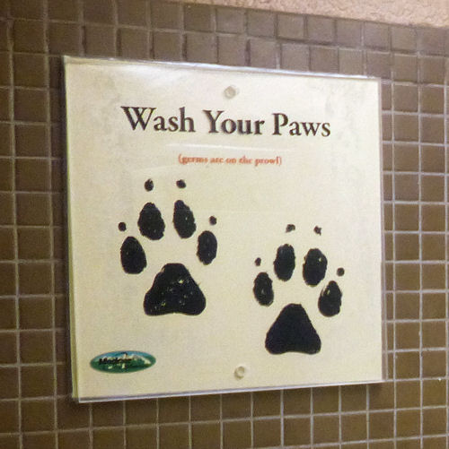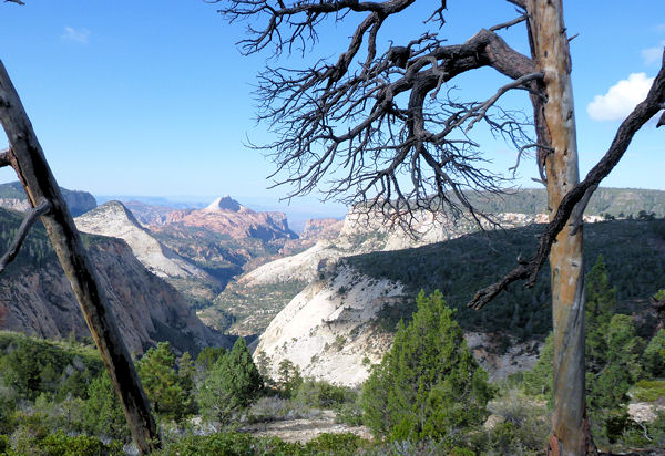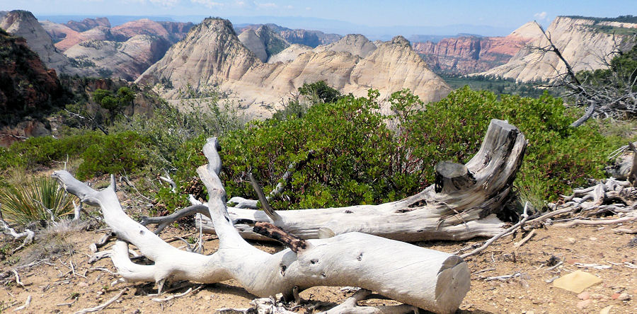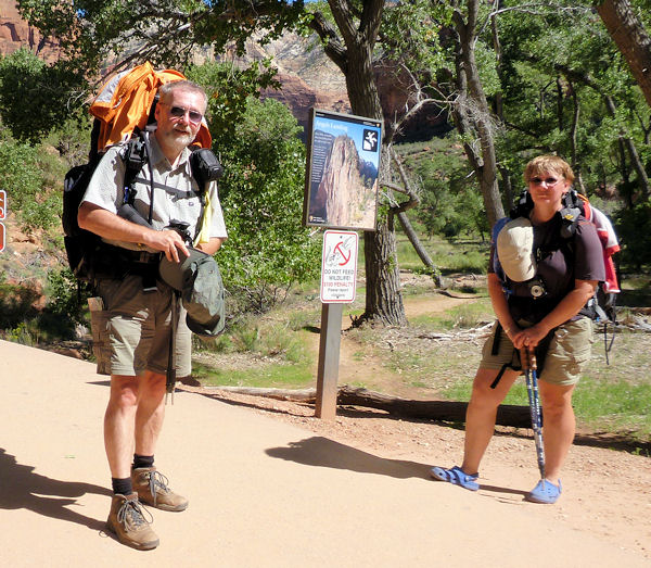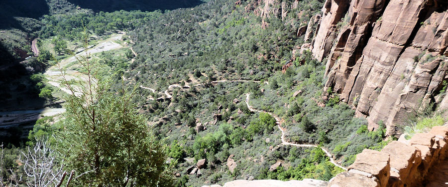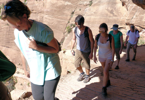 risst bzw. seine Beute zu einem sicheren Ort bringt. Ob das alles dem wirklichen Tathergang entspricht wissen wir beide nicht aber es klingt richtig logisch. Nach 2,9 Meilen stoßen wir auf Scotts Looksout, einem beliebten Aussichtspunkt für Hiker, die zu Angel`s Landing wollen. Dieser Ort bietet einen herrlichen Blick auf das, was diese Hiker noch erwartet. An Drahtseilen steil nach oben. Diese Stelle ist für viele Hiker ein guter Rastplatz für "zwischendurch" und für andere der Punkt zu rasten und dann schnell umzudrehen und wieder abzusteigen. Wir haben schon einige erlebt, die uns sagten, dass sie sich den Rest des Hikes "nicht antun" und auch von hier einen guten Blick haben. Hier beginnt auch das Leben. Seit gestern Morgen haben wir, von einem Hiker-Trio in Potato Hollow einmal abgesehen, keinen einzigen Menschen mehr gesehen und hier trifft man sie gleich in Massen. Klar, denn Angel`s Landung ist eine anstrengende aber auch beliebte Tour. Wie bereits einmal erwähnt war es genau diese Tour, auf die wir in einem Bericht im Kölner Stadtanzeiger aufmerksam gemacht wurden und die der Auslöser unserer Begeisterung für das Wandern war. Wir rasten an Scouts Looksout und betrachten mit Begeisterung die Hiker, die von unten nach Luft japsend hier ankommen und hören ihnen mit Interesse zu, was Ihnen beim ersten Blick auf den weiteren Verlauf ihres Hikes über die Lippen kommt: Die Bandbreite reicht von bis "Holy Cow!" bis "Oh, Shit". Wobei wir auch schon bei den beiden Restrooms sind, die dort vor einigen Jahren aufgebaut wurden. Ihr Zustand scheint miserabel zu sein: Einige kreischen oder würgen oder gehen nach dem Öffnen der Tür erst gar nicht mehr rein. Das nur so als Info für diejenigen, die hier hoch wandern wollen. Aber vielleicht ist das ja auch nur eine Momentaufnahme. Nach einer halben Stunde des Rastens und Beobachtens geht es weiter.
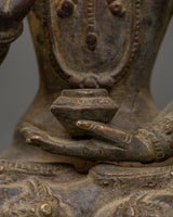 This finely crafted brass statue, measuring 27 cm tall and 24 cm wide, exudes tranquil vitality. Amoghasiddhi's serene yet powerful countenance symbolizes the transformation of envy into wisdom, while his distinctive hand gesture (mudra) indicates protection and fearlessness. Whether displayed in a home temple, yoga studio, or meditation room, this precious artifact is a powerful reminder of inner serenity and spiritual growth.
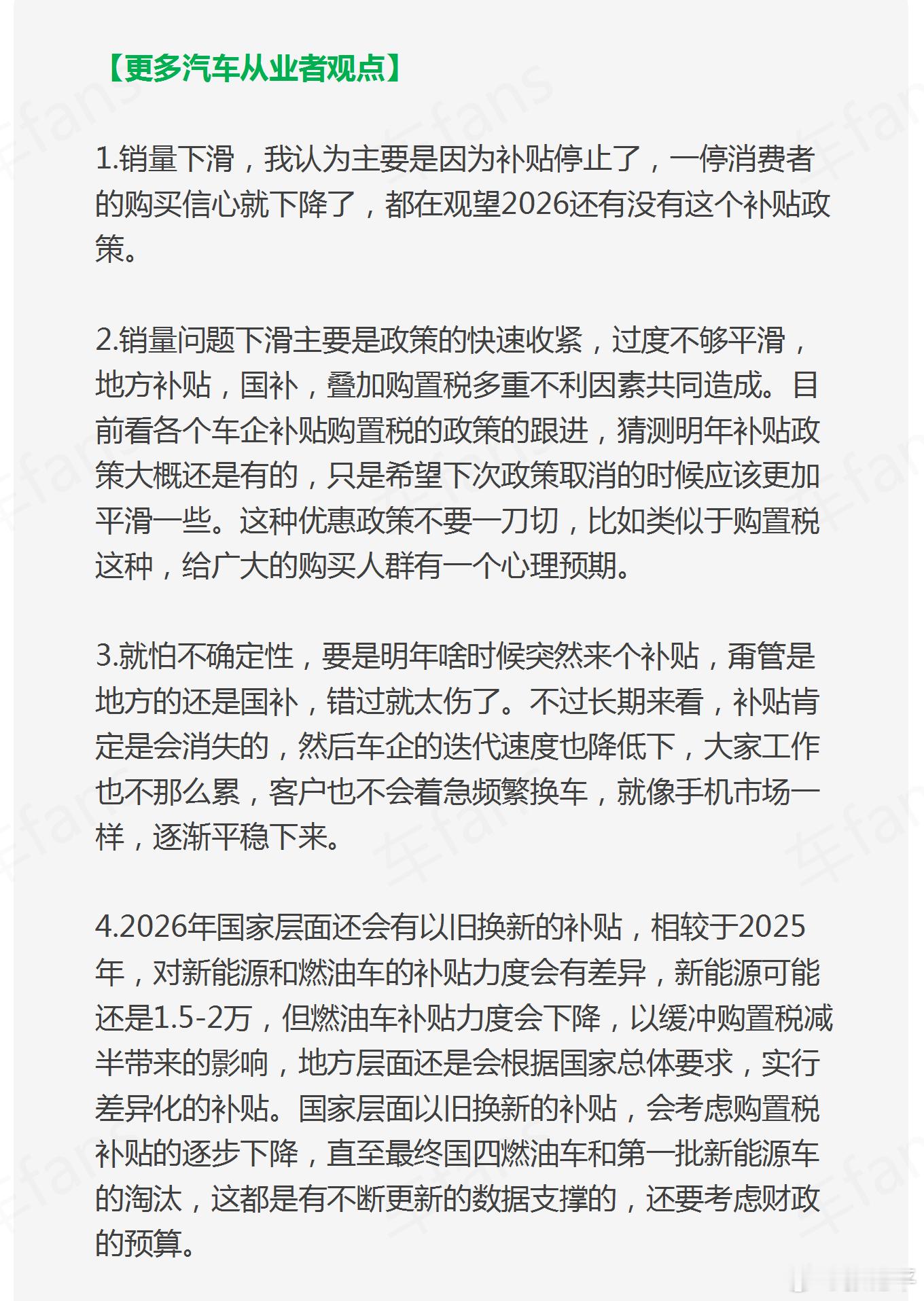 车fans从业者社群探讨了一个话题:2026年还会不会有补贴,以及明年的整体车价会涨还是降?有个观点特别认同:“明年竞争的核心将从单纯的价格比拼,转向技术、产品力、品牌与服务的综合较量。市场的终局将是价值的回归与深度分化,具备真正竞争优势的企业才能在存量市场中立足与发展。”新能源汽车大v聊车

— Task details —
This exercise asks for the data above to be given again exactly, without pictures.

— Reply —
 risst bzw. seine Beute zu einem sicheren Ort bringt. Ob das alles dem wirklichen Tathergang entspricht wissen wir beide nicht aber es klingt richtig logisch. Nach 2,9 Meilen stoßen wir auf Scotts Looksout, einem beliebten Aussichtspunkt für Hiker, die zu Angel`s Landing wollen. Dieser Ort bietet einen herrlichen Blick auf das, was diese Hiker noch erwartet. An Drahtseilen steil nach oben. Diese Stelle ist für viele Hiker ein guter Rastplatz für "zwischendurch" und für andere der Punkt zu rasten und dann schnell umzudrehen und wieder abzusteigen. Wir haben schon einige erlebt, die uns sagten, dass sie sich den Rest des Hikes "nicht antun" und auch von hier einen guten Blick haben. Hier beginnt auch das Leben. Seit gestern Morgen haben wir, von einem Hiker-Trio in Potato Hollow einmal abgesehen, keinen einzigen Menschen mehr gesehen und hier trifft man sie gleich in Massen. Klar, denn Angel`s Landung ist eine anstrengende aber auch beliebte Tour. Wie bereits einmal erwähnt war es genau diese Tour, auf die wir in einem Bericht im Kölner Stadtanzeiger aufmerksam gemacht wurden und die der Auslöser unserer Begeisterung für das Wandern war. Wir rasten an Scouts Looksout und betrachten mit Begeisterung die Hiker, die von unten nach Luft japsend hier ankommen und hören ihnen mit Interesse zu, was Ihnen beim ersten Blick auf den weiteren Verlauf ihres Hikes über die Lippen kommt: Die Bandbreite reicht von bis "Holy Cow!" bis "Oh, Shit". Wobei wir auch schon bei den beiden Restrooms sind, die dort vor einigen Jahren aufgebaut wurden. Ihr Zustand scheint miserabel zu sein: Einige kreischen oder würgen oder gehen nach dem Öffnen der Tür erst gar nicht mehr rein. Das nur so als Info für diejenigen, die hier hoch wandern wollen. Aber vielleicht ist das ja auch nur eine Momentaufnahme. Nach einer halben Stunde des Rastens und Beobachtens geht es weiter.
 This finely crafted brass statue, measuring 27 cm tall and 24 cm wide, exudes tranquil vitality. Amoghasiddhi's serene yet powerful countenance symbolizes the transformation of envy into wisdom, while his distinctive hand gesture (mudra) indicates protection and fearlessness. Whether displayed in a home temple, yoga studio, or meditation room, this precious artifact is a powerful reminder of inner serenity and spiritual growth.
 车fans从业者社群探讨了一个话题:2026年还会不会有补贴,以及明年的整体车价会涨还是降?有个观点特别认同:“明年竞争的核心将从单纯的价格比拼,转向技术、产品力、品牌与服务的综合较量。市场的终局将是价值的回归与深度分化,具备真正竞争优势的企业才能在存量市场中立足与发展。”新能源汽车大v聊车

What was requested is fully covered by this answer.